━━ RECORD EXTRACTS ━━

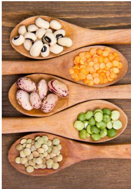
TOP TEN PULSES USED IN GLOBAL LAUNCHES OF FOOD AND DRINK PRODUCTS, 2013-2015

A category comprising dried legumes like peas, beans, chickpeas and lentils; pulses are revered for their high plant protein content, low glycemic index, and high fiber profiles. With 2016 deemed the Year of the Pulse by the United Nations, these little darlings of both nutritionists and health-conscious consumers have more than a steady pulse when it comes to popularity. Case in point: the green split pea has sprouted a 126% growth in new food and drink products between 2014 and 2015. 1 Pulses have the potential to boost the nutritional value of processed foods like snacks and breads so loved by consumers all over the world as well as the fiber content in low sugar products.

━━━
━━ RECORD EXTRACTS ━━

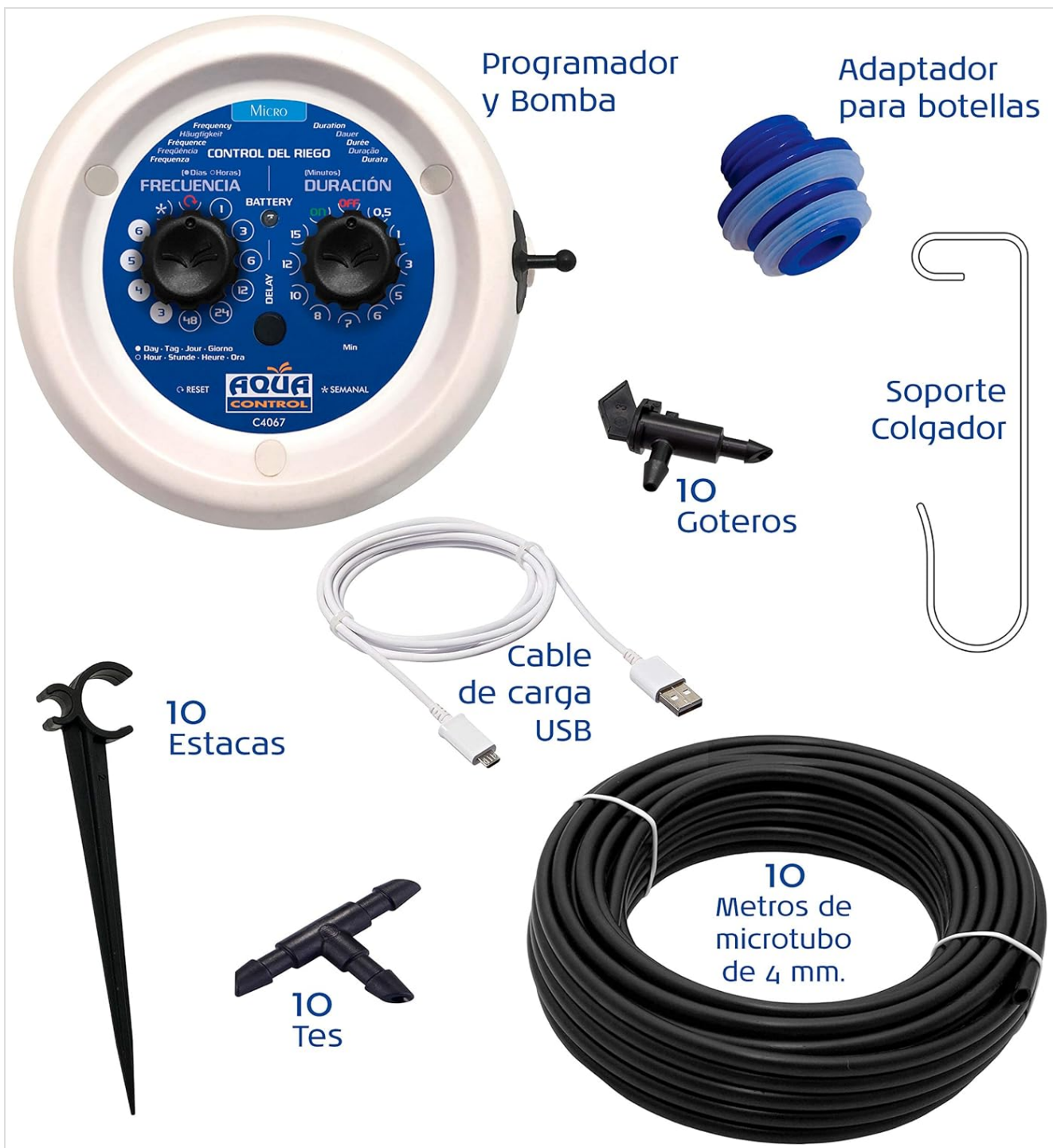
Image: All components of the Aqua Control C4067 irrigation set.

━━━
━━ RECORD EXTRACTS ━━

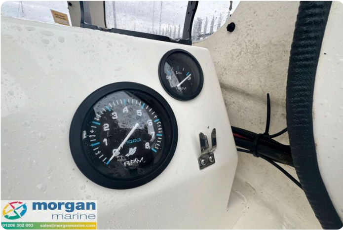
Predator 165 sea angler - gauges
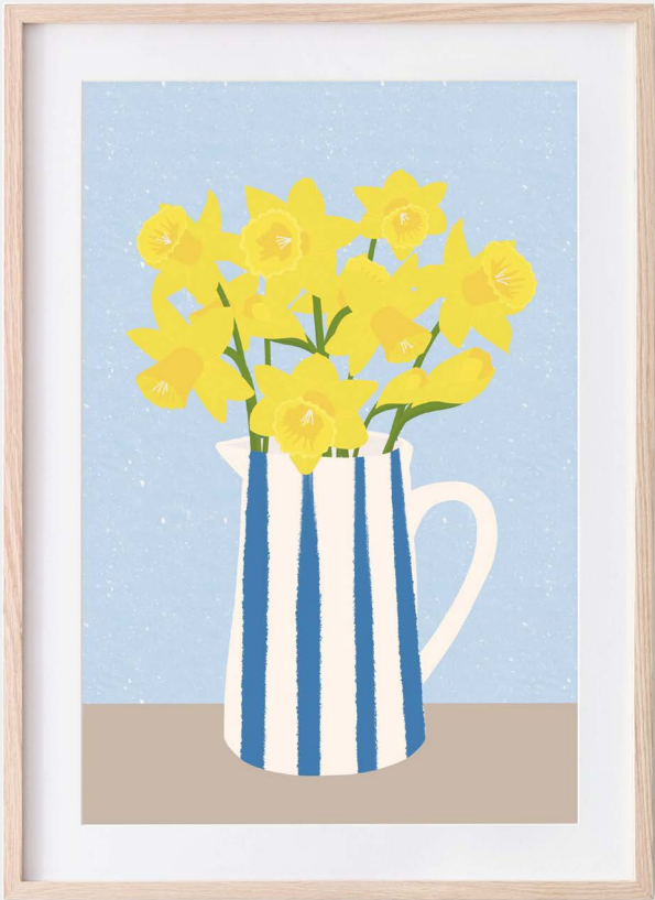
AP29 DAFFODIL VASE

━━━

In the listing above, the required lines run from the line with "Predator 165 sea angler - gauges" through the line with "AP29 DAFFODIL VASE". Output exactly those lines, omitting pictures.

OUTPUT FOR THIS EXERCISE —
Predator 165 sea angler - gauges
AP29 DAFFODIL VASE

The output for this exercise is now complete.